Thursday: Hili dialogue

April 25, 2019 • 6:30 am

It’s Thursday April 25, 2019. Posting may be light today as I have to hie downtown to the “Apple Genius Bar’ (who’s supposed to be the genius there?) to get the battery on my old—but perfectly serviceable—iPhone 5s replaced. It’s a lot cheaper than a new iPhone, and the new ones are too big to put in my pocket.

It’s National Zucchini Bread Day, a comestible I detest. Isn’t it ironic that the world’s worst vegetable is also the one that grows most prolifically? People are even forced to use it up by putting into cakes and breads! It’s also DNA Day by proclamation of Congress, celebrating the publication of Watson and Crick’s structure of “the molecule of life’ (see below).

On this day in 1792, the robber Nicolas J. Pelletier became the first person to be executed by the guillotine. Wikipedia adds to his biography, “The crowd, however, was dissatisfied with the guillotine. They felt it was too swift and ‘clinically effective’ to provide proper entertainment, as compared to previous execution methods, such as hanging, death-by-sword, or breaking at the wheel. The public even called out “Bring back our wooden gallows!” On that very same day, April 25, 1792 the French national anthem, “La Marseillaise”, was composed by Claude Joseph Rouget de Lisle.
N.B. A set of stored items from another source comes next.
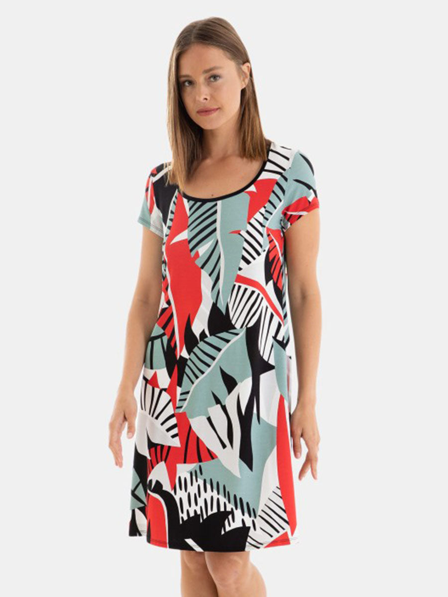 Vestido de mujer de tejido punto viscosa estampado, con manga y escote semicuadrado
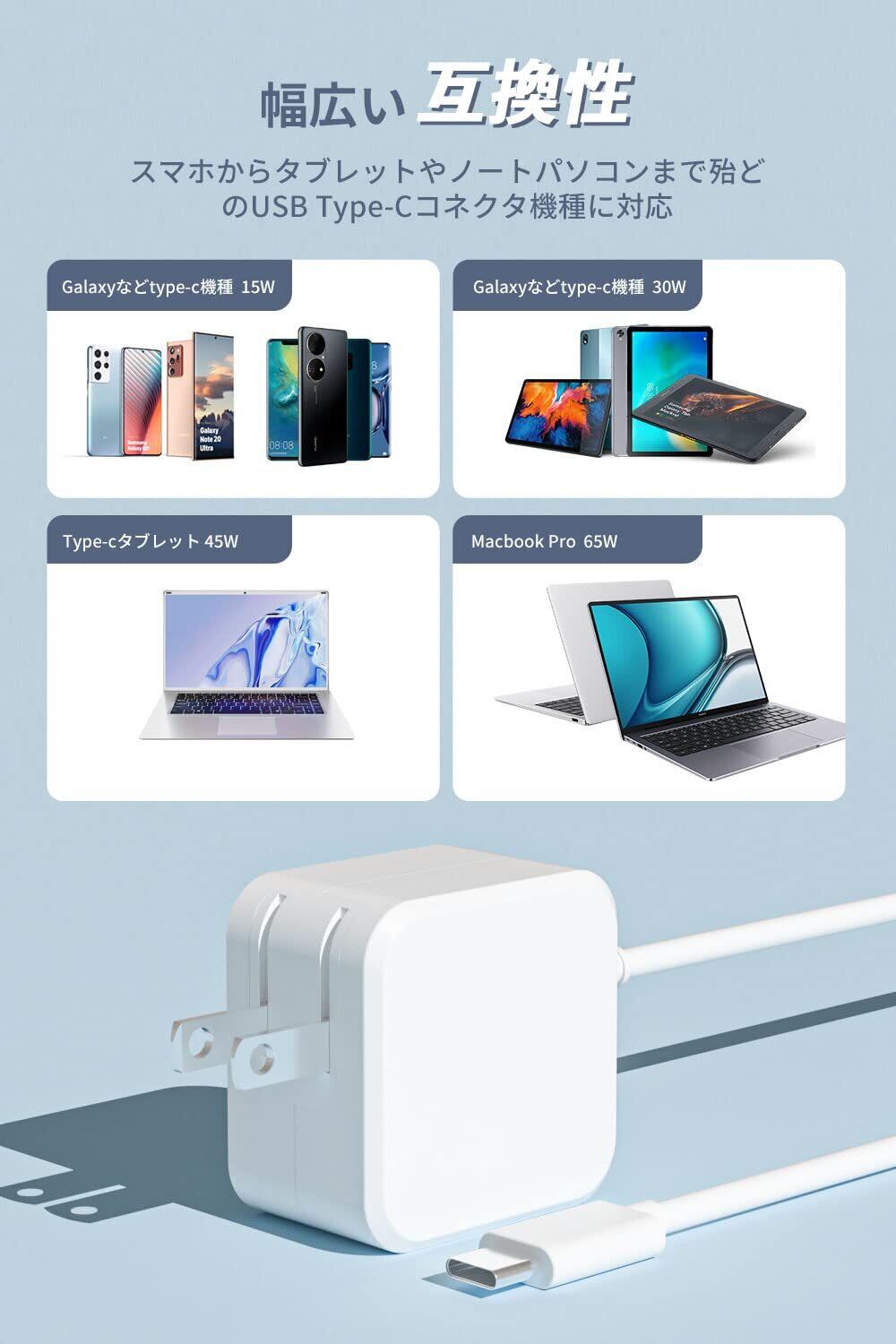 ▼【PD 67Wのすばやく充電】Macbook Pro 交換用充電器は最大67Wの高出力ですばやくノートパソコンを充電されます。67W超高速充電、充電スピートはMacBook proの充電器とほぼ同じで、MacBook Pro 15.4"を充電する場合、0%から100%までたった2時間でフル充電になります。PD 67Wだけでなく65W/ 45W/ 36W/27W/15Wも対応して、接続した機器によって、自動的に出力を判別し、スマートに適用の電圧と電流を提供できます。
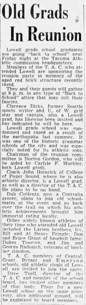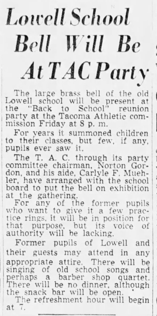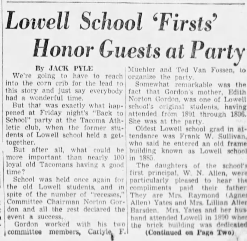 The reunion is quite successful, with the News Tribune estimating there were nearly 100 guests. Students who attended Lowell in the 1890s (and one as as early as 1885) were there, as well as the daughters of former Principal Allen, who was principal of Lowell from 1890-1894.
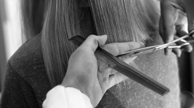- يتمّ تحديد الطول المراد قصّ الشعر عنده، مع البدء بقصّ الشعر أفقياً من الطرف الأيمن وحتى الأيسر أو بالعكس.
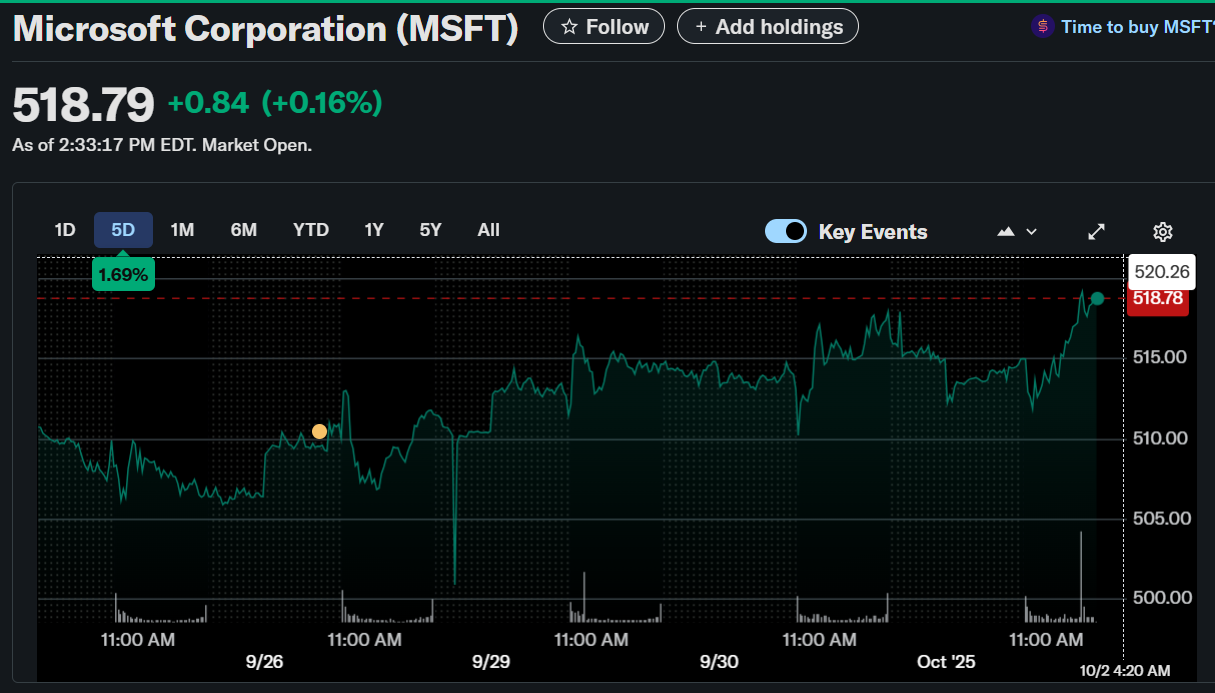 Microsoft (MSFT) shares surge slightly by market close Wednesday, ending at $518.82 after fluctuating throughout the trading session.
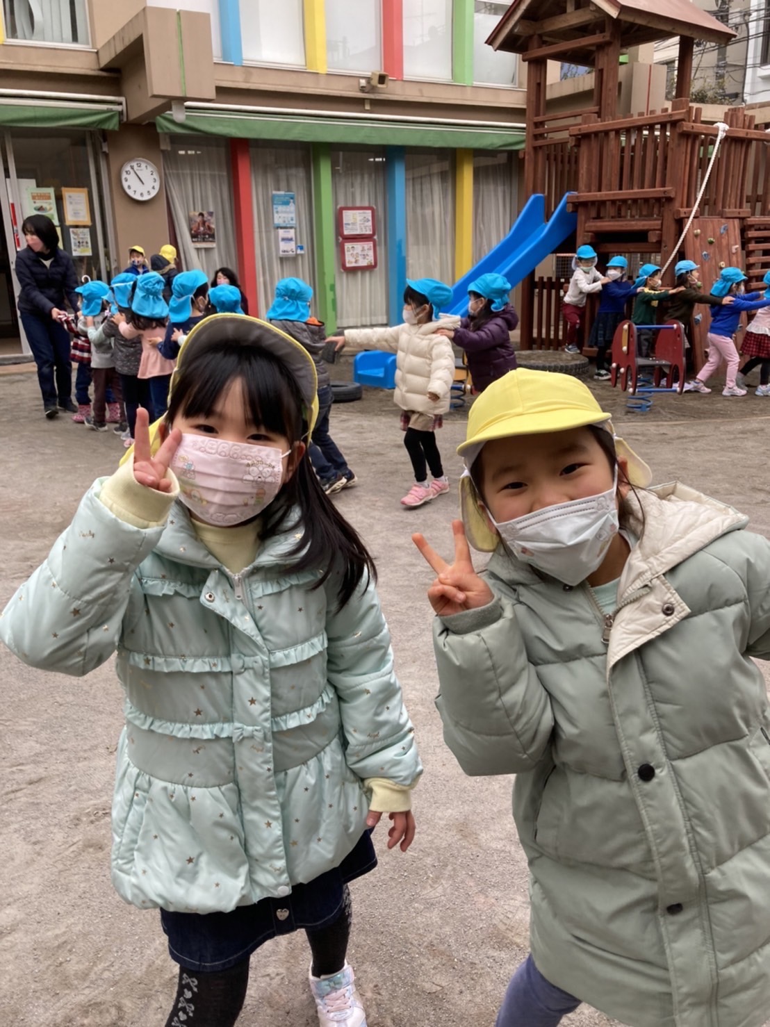 今日は水曜日。寒さに負けず、体操をしました。元気よく体を動かして、暖かくなりました。
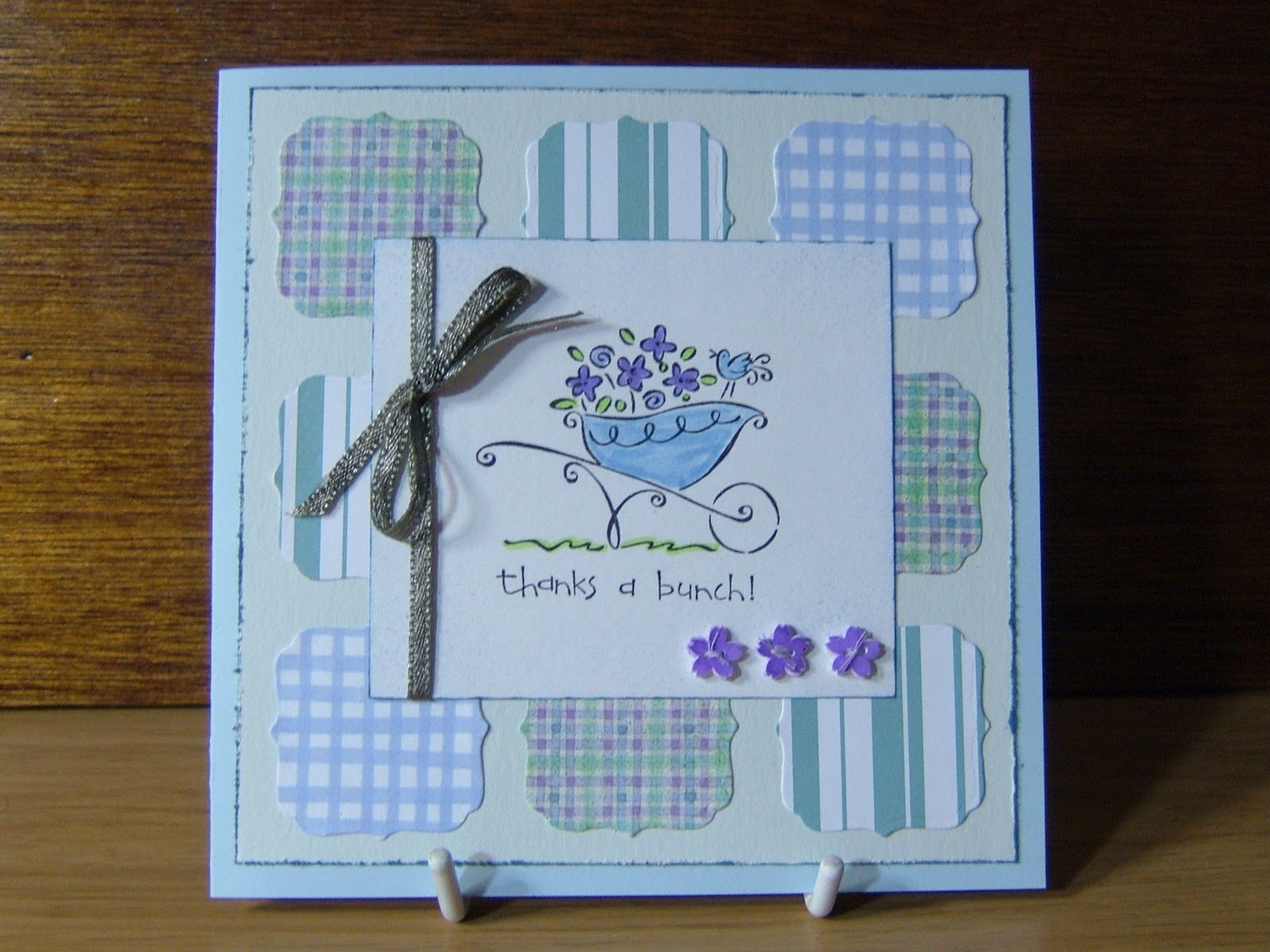 Oooer Mrs A - a really pretty card indeed. Love the way you've used the snippets and the wheel barrow is so cute.

On this day in 1859, ground was broken for the Suez Canal by engineers from France and Britain.  In 1898, the U.S. declared war on Spain, formally beginning the Spanish-American War. On April 25, 1915, the Battle of Gallipoli began, with the Gallipoli peninsula invaded by troops from Britain, France, India, Newfoundland, Australia, and New Zealand.  After 8 months of failure and slaughter (the latter on both sides), the Allied troops withdrew. The death toll was around 100,000.

It was on this day in 1953 that Watson and Crick published their groundbreaking paper in Nature suggesting the correct structure of DNA, “Molecular Structure of Nucleic Acids: A Structure for Deoxyribose Nucleic Acid“.  The paper, the most influential in biology of the 20th century, was only a bit more than a page long. Here is most of the text:

 

In 1954, it was on this day that the first practical solar-energy cell was demonstrated by Bell Labs. And, on April 25, 2007, Boris Yeltsin was buried in the first Russian Orthodox funeral of a leader since that of Emperor Alexander III in 1894.

Notables born on this day include Oliver Cromwell (1599), Walter de la Mare (1873), Wolfgang Pauli (1900), Edward R. Murrow (1908), Ella Fitzgerald (1917), Al Pacino (1940), Johan Cruyff (1947), and Dinesh D’Souza, (1961).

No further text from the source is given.